A while back I had 7.5" wheels on my '91 and they rubbed a little in the rear. I used a small crecent wrench and a shop towel and "tweaked" the lip a little and trimmed a little off the bumper where the rub spots were. Not the best way but the rubbing was much less.


----------



## himilefrontier (Jan 21, 2003)

I've heard of using a jack to push it out slightly,but haven't tried it myself


----------



## Binger (Aug 29, 2002)

A tuning shop in omaha has a tool that has 2 rollers that clamp on both sides of the fender and you turn a crank handel and it follows the fender line and gradualy pulls it out.
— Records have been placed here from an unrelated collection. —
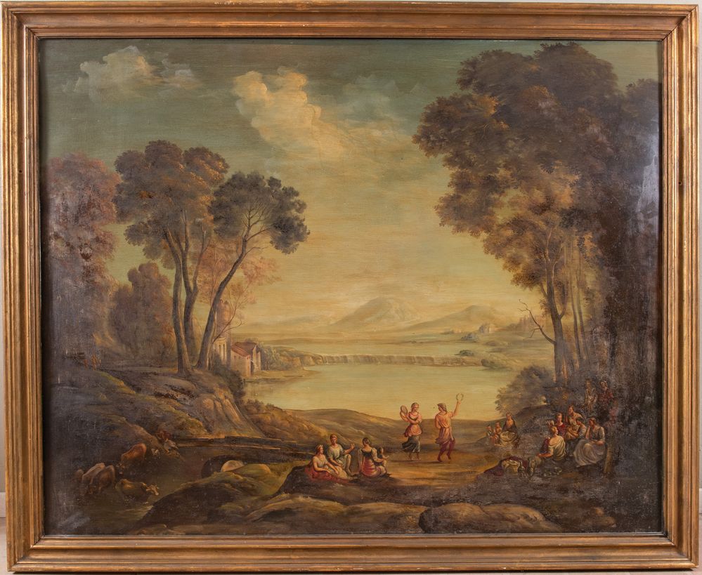 Maestro del XIX-XX secolo. "Paesaggio in stile neoclassico". Cm 122x153.
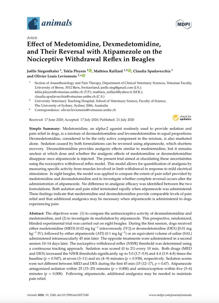 Medetomidine, an alpha-2 agonist routinely used to provide sedation and pain relief in dogs, is a mixture of dexmedetomidine and levomedetomidine in equal proportions.Dexmedetomidine, considered to be the only active component in the mixture, is also marketed alone. Sedation caused by both formulations can be reversed using atipamezole, which shortens recovery.Dexmedetomidine provides analgesic effects similar to medetomidine, but it remains unclear at which dose and whether the analgesic effects of medetomidine or dexmedetomidine disappear once atipamezole is injected. The present trial aimed at elucidating these uncertainties using the nociceptive withdrawal reflex model. This model allows for quantification of analgesia by measuring specific activity from muscles involved in limb withdrawal in response to mild electrical stimulation. In eight beagles, the model was applied to compare the extent of pain relief provided by medetomidine and dexmedetomidine and to investigate whether complete reversal occurs after the administration of atipamezole. No difference in analgesic efficacy was identified between the two formulations. Both sedation and pain relief terminated rapidly when atipamezole was administered.
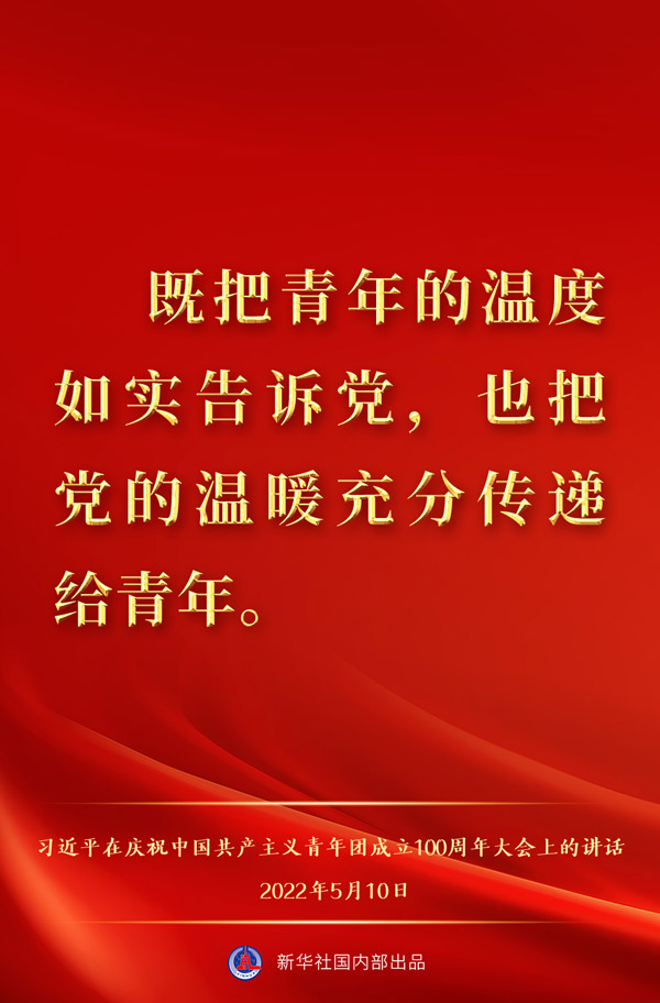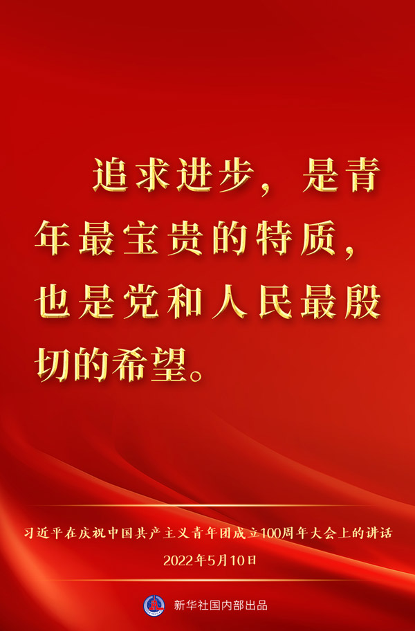 5月10日上午,中共中央总书记、国家主席、中央军委主席习近平出席庆祝中国共产主义青年团成立100周年大会并发表重要讲话,一起来看金句。
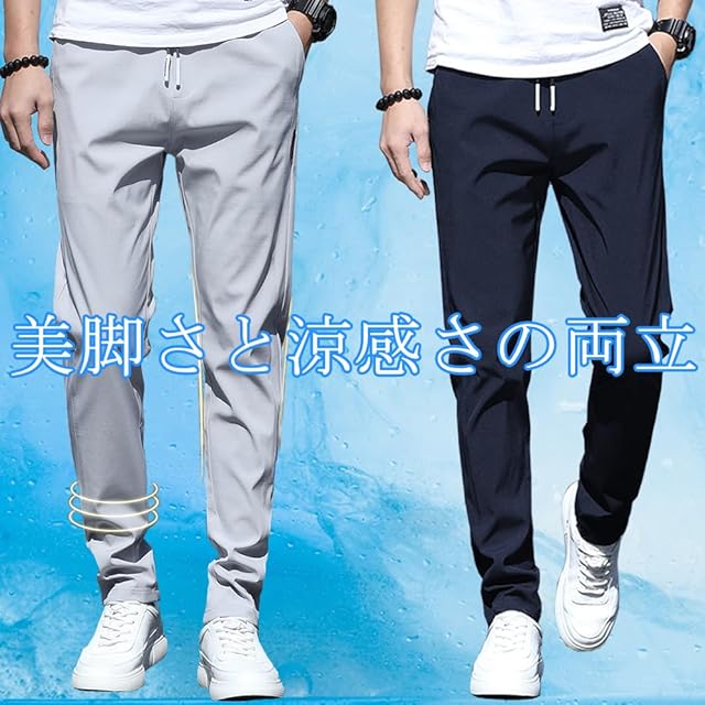 商品名:[ROOKMZU] アイスシルクパンツ メンズ 接触冷感 ズボン メンズ 夏 パンツ ゴルフ ストレッチパンツ 冷感 涼しい 速乾カジュアル イージーパンツ ボトムス テーパードパンツ ビジネス スラックス 前開き 夏用ズボン
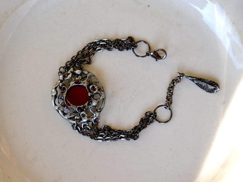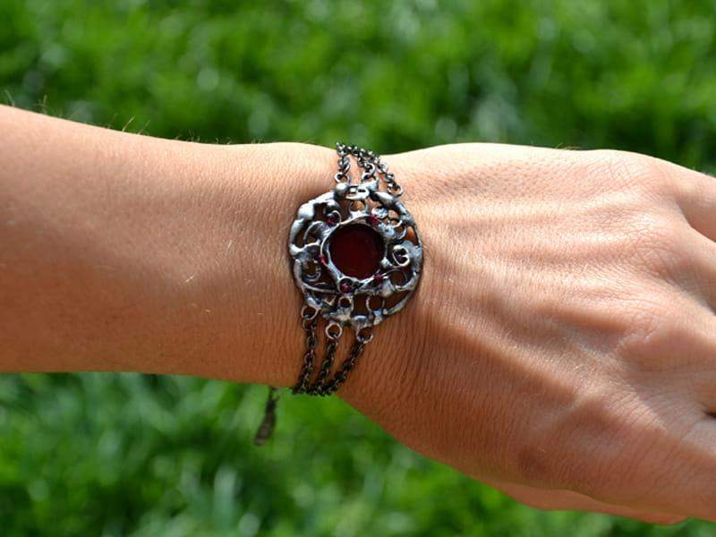 Ozdobna bransoletka z misternym, ornamentalnym wzorem, szkłem w głębokiej czerwieni i maleńkimi fasetowanymi rubinami. Oprawa wykonana z ekologicznej cyny stylizowana jest na ciemne srebro. Długość bransoletki to 18 cm plus 2 cm regulacji. Z przyjemnością wykonam ją w innym rozmiarze. Biżuteria w 100% wykonana ręcznie, poszczególne sztuki mogą się minimalnie różnić.
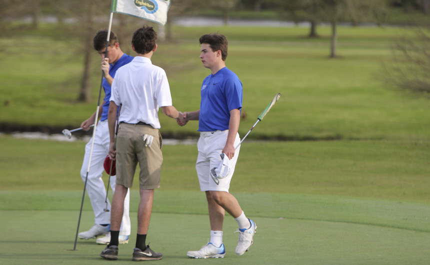 The Blue Jays played their first 9-hole match of the spring season Tuesday against the Brother Martin (BM) Crusaders at English Turn. Team 1 defeated Br. Martin with a score of 161 to the Crusaders’ 174. Team 2 tied BM’s first team, 174-174. Freshman newcomer Taylor Boasberg led the way for Team 1 with a two-over round of 38. Junior Andrew Barreca led Team 2 and all scorers with a one-over 37. Freshman Morgan Hebert, also a first-year player, controlled his nerves on the final hole to make a knee-knocker putt that prevented JHS Team 2 from losing by a stroke.
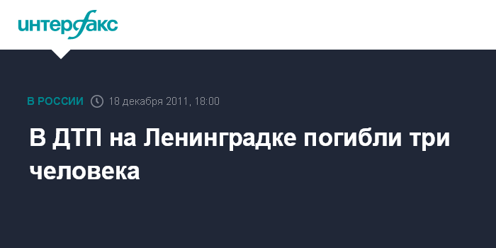 Москва.18 декабря. INTERFAX.RU - Три человека погибли в ДТП на севере Подмосковья, сообщил "Интерфаксу" источник в правоохранительных органах. "Около 16 часов на 68-м километре Ленинградского шоссе произошло лобовое столкновение автомобилей ВАЗ-2107 и ВАЗ-2111, в результате которого три человека от полученных травм скончались на месте", - сказал собеседник агентства. Он добавил, что еще три человека были госпитализированы, состояние одного из них оценивается как крайне тяжелое.

Check with some local body shops and see if they have anything like that.


----------



## samk (Feb 26, 2003)

thanks. i actually just decided to cut it. worked out well!


----------



## NissanTuner (Dec 1, 2002)

what the hell is rolling the fender lip? i mean whats it do?


----------



## samk (Feb 26, 2003)

in the rear wheel wells, the fender lip is folded over. in cases when the car is lowered and/or a larger size wheel is used and/or a wider tire, the tire can rub on the lip. rolling the lip or cutting it out makes more room for the nonstock setup.


----------



## Zexel (May 15, 2002)

samk - You used the same technique I did! I cut that bitch. It was pissing me off, and REALLY started to get on my nerves, so I just got a little handheld saw and there it went. Works fine now!


----------



## samk (Feb 26, 2003)

haha excellent. but ya know what? i still get a little rubbing. i don't think its rubbing on the fender lip anymore though. i think its rubbing on the fender well inside.


----------



## Zexel (May 15, 2002)

Actually, it doesn't do it in the back now, it does it up front. It rubs on the underside of the spring pocket on the strut. Do you know what I mean? Couldn't find a good picture to show, but if you don't understand just let me know. It only does it on my front passenger side. Pretty wack. So, gotta find a fix for that now!!


----------



## samk (Feb 26, 2003)

hm... i don't have that problem and i don't know how you would go about fixing that. what size are your rims? tires? i have 15X5.5 and 205/50.


----------